Record extracts:
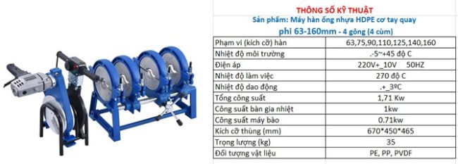 Thông số máy hàn bàn cơ quay tay 4 kẹp ống HDPF phi 70 90
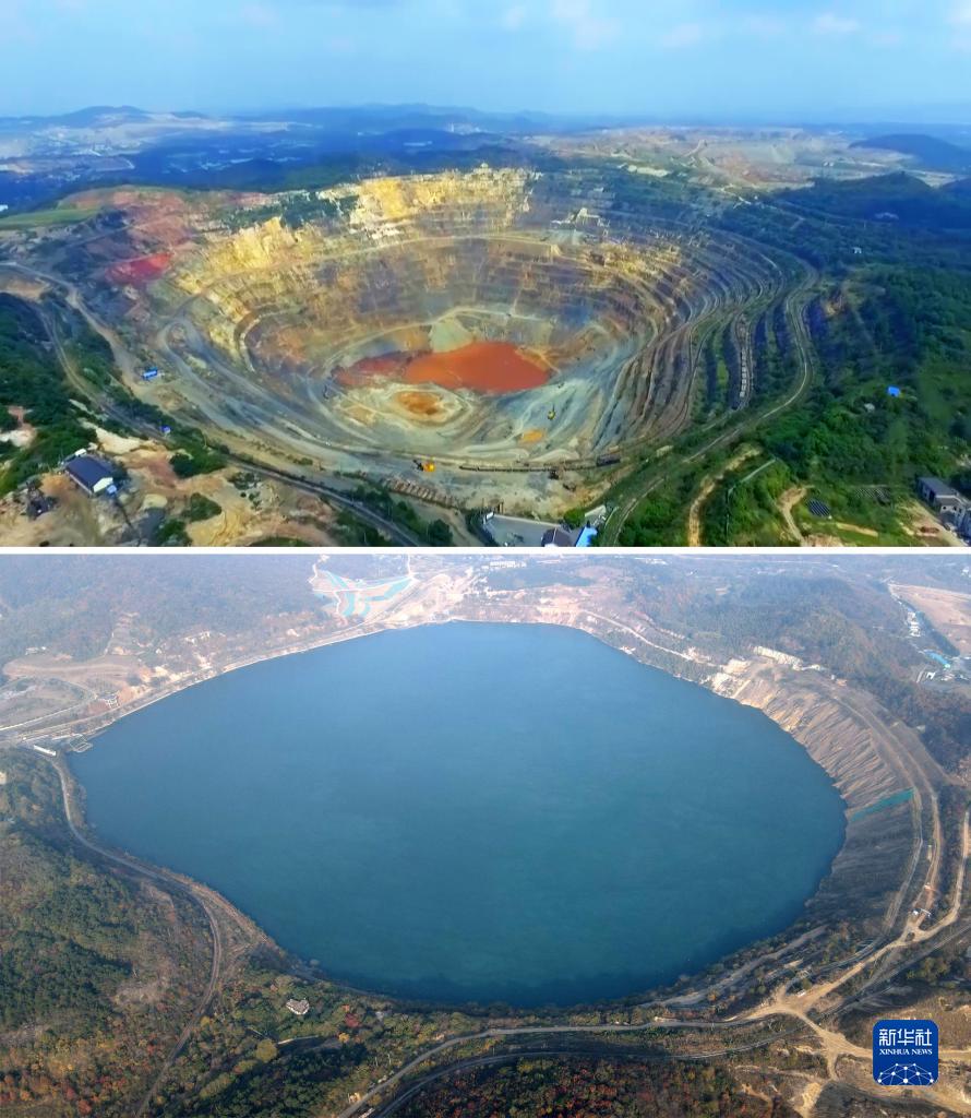 拼版照片:上圖為開采中的向山鎮凹山采場(資料照片),下圖為生態修復后的凹山采場(新華社記者劉軍喜11月8日攝,無人機照片)。
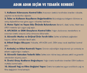 Aracınız için yağ temin ederken mutlaka ambalaj ve etiket kontrolü yapmaya önem vermelisiniz. Ayrıca, sahte ürün riskine karşı yalnızca güvenilir satıcıları tercih etmeli ve üretici tarafından önerilen viskozite ve OEM onay kodlarına dikkat etmelisiniz.
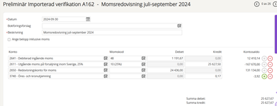 1. Tänkte redovisningskontot för moms på 199.363 kr stämmer ju inte för att det är dubbelt inlagt där efter jag bytte plats, exkl dec-dec-23, jag vet endast att summan borde vara 136.361 kr, det är vad jag har redovisat till skatteverket från dec-23 - dec-24?
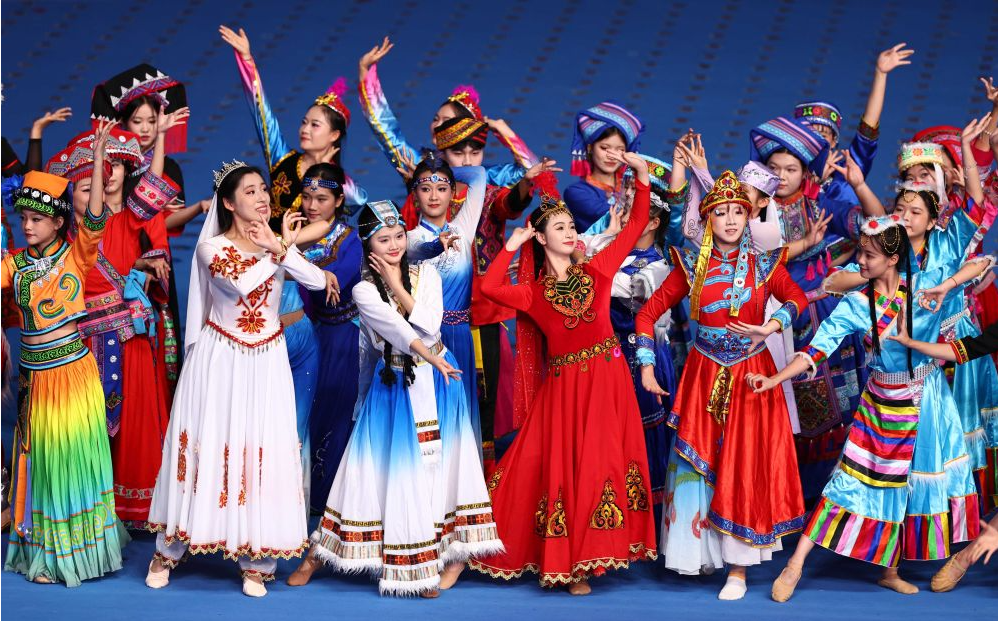 南海之畔,共襄盛会。三亚市体育中心内,56个民族欢聚一堂,共同奏响中华民族一家亲、同心共筑中国梦的华美乐章。20时,开幕式正式开始,各代表团和现场3.5万名观众迎接国旗仪仗队入场,全国少数民族传统体育运动会会旗和第十二届全国少数民族传统体育运动会会旗相继入场,随后全国31个省(自治区、直辖市)、新疆生产建设兵团、香港、澳门代表团和台湾少数民族代表团步入会场。各代表团进行了30秒的驻停表演,呈现了中华民族大家庭各族儿女携手奋进的昂扬风貌。
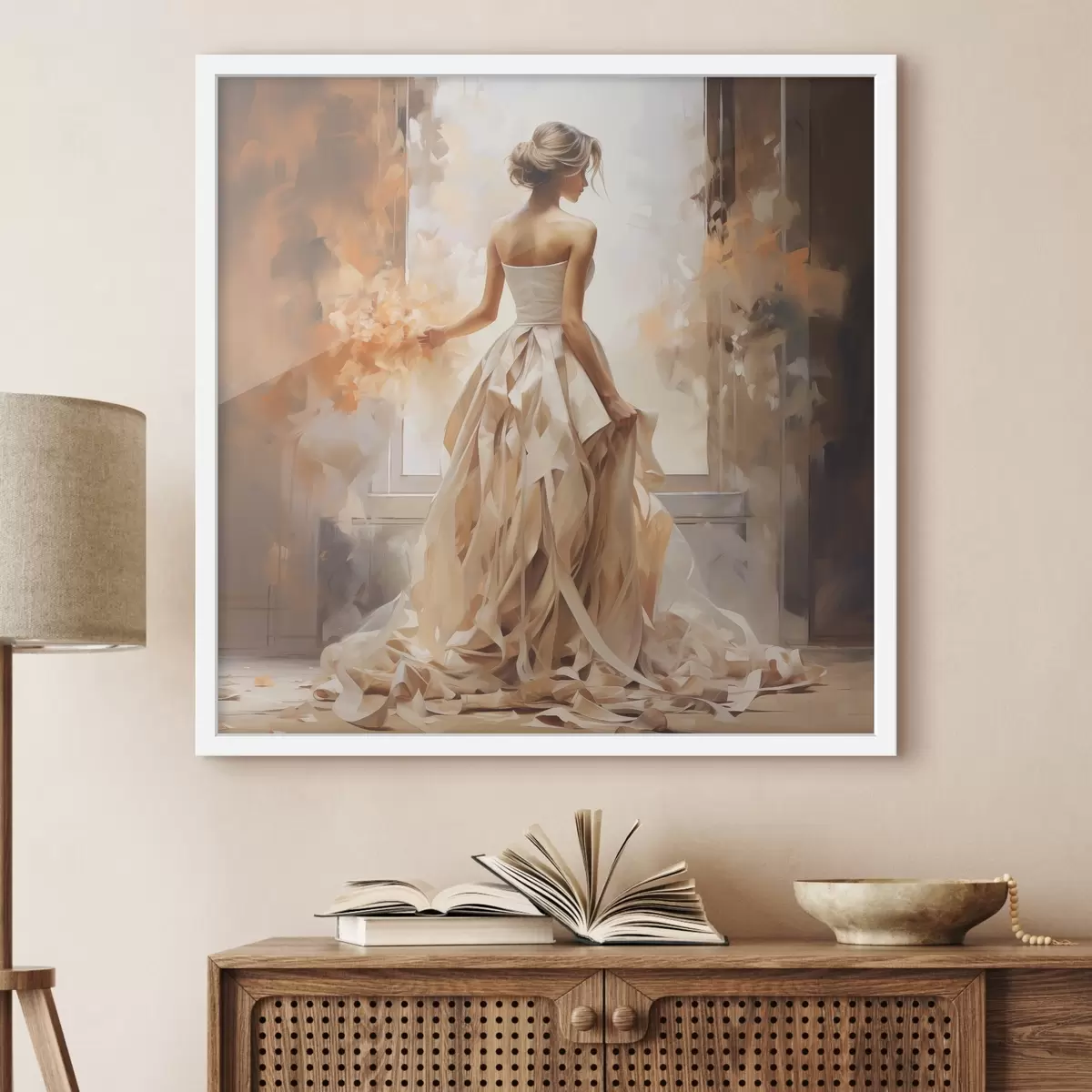 Poster Egy fehér menyasszonyi ruhás lány áll az ablaknál a tűz mellett, és kézzel fest Nr f39125

What the task asks: Lines from the one holding "Aracınız için yağ" down to the last line of the entries above must be retyped exactly, inclusive of both, with no pictures and nothing else.

Written response:
 Aracınız için yağ temin ederken mutlaka ambalaj ve etiket kontrolü yapmaya önem vermelisiniz. Ayrıca, sahte ürün riskine karşı yalnızca güvenilir satıcıları tercih etmeli ve üretici tarafından önerilen viskozite ve OEM onay kodlarına dikkat etmelisiniz.
 1. Tänkte redovisningskontot för moms på 199.363 kr stämmer ju inte för att det är dubbelt inlagt där efter jag bytte plats, exkl dec-dec-23, jag vet endast att summan borde vara 136.361 kr, det är vad jag har redovisat till skatteverket från dec-23 - dec-24?
 南海之畔,共襄盛会。三亚市体育中心内,56个民族欢聚一堂,共同奏响中华民族一家亲、同心共筑中国梦的华美乐章。20时,开幕式正式开始,各代表团和现场3.5万名观众迎接国旗仪仗队入场,全国少数民族传统体育运动会会旗和第十二届全国少数民族传统体育运动会会旗相继入场,随后全国31个省(自治区、直辖市)、新疆生产建设兵团、香港、澳门代表团和台湾少数民族代表团步入会场。各代表团进行了30秒的驻停表演,呈现了中华民族大家庭各族儿女携手奋进的昂扬风貌。
 Poster Egy fehér menyasszonyi ruhás lány áll az ablaknál a tűz mellett, és kézzel fest Nr f39125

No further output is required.